[EXERCISE OBJECTIVE] Only one part of the listing is needed: the lines from the one with "Patent Leather Front" through the last line, copied exactly and free of pictures.

::: EXTRACTED INFORMATION :::

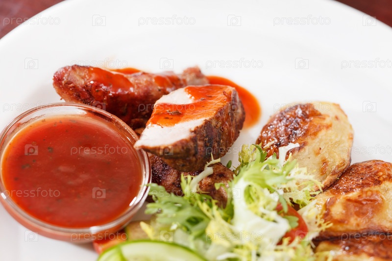 Приготовленное на гриле мясо с овощами
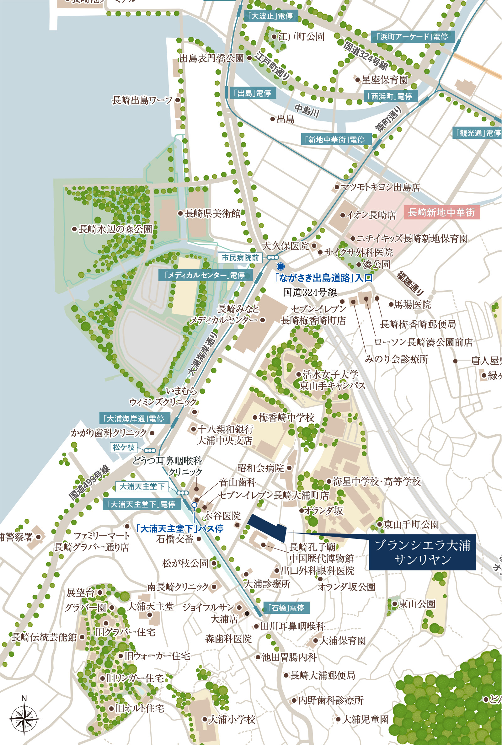 「長崎県美術館」などの施設が徒歩圏に点在。
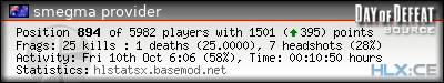 Rank | Server | Kills | % | Ratio | Deaths | K:D | Headshots | Percentage of Headshots | % | HS:K |
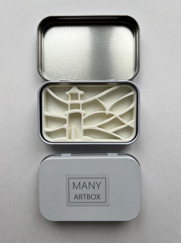Очаровательные компактные палетки в оригинальном дизайне — это настоящая находка для тех, кто ищет подарок художнику или сам увлекается акварельной живописью. Палетка представляет собой небольшую металлическую коробку с крышкой, размер в закрытом виде составляет всего 9х6 см. Внутри коробочки находится разделитель для красок различного цвета, созданный в необычном формате — в зависимости от модели это могут быть горы, домики и прочее. Палетки поставляются без красок, вы можете самостоятельно наполнить их любимой цветовой гаммой получателя, спрятать в них небольшой сюрприз или оставить как есть. Идеальный аксессуар для пленэров и зарисовок в путешествиях!
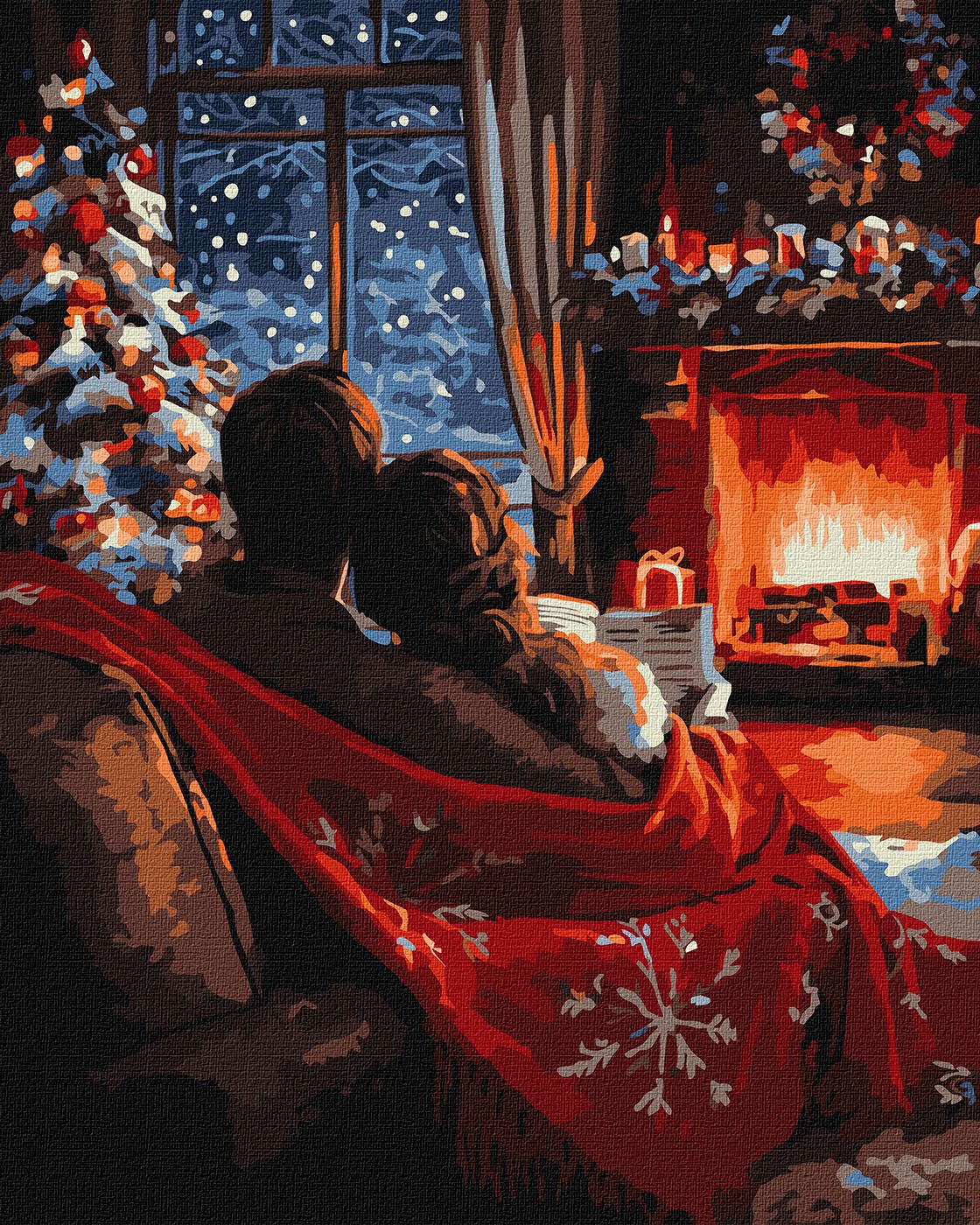 Картина за номерами "Пара біля каміну" 40х50см, термопакет, ТМ Ідейка, Україна
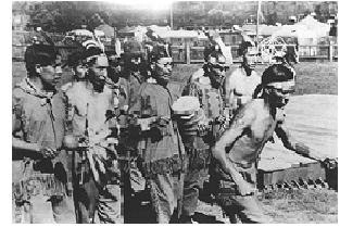 When war was threatened the warriors met at the national headquarters where they came under the command of the chief for warfare. During an emergency such as a threat of war, the red flag of war was raised. The flag was a long pole painted red which had red painted deerskin fastened to the top. During a war it was carried by a special flag warrior and was set up at the war party campsites where they met together after a battle. During these encampments they sang the song and then had the war dance.
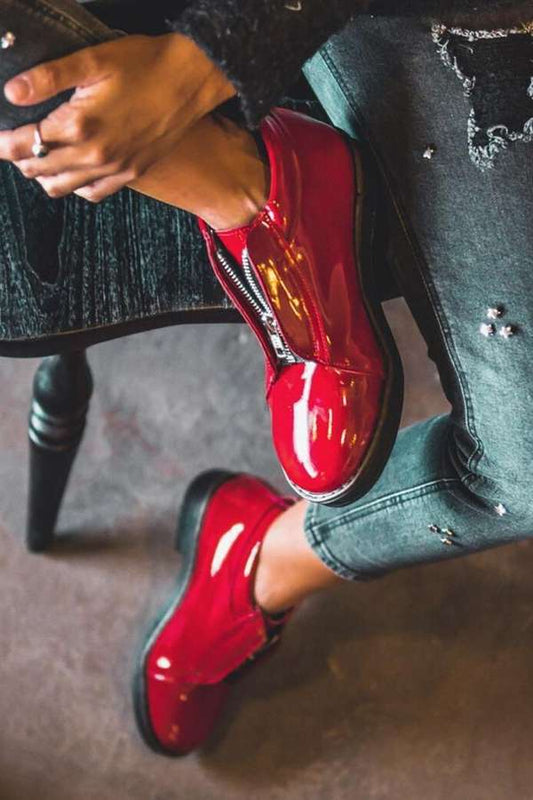 Patent Leather Front Zip Round Toe Flats [Pre Order]
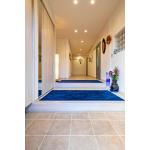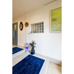 既存の広さを活かしてギャラリースペースを設けました。 また、可動棚付きの収納スペースは来客が多いときでも荷物を置くことができ、利便性の高い玄関に。 また、ご主人様のゴルフグッズを収納できるよう土間続きのクロークボックスをプランしました。
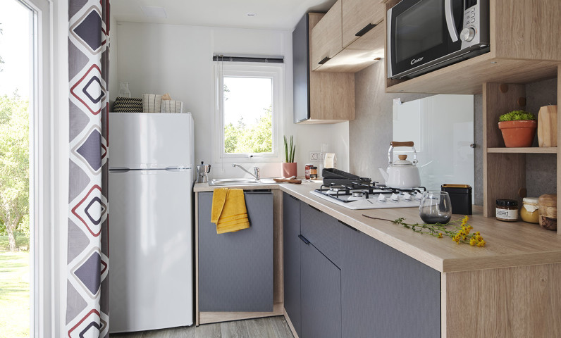 Lits faits à votre arrivée dans l'hébergement, ménage de fin de séjour pris en charge par le camping, linge de maison fourni, location d'équipements...

:::

[TASK ANSWER]
 Patent Leather Front Zip Round Toe Flats [Pre Order]
 既存の広さを活かしてギャラリースペースを設けました。 また、可動棚付きの収納スペースは来客が多いときでも荷物を置くことができ、利便性の高い玄関に。 また、ご主人様のゴルフグッズを収納できるよう土間続きのクロークボックスをプランしました。
 Lits faits à votre arrivée dans l'hébergement, ménage de fin de séjour pris en charge par le camping, linge de maison fourni, location d'équipements...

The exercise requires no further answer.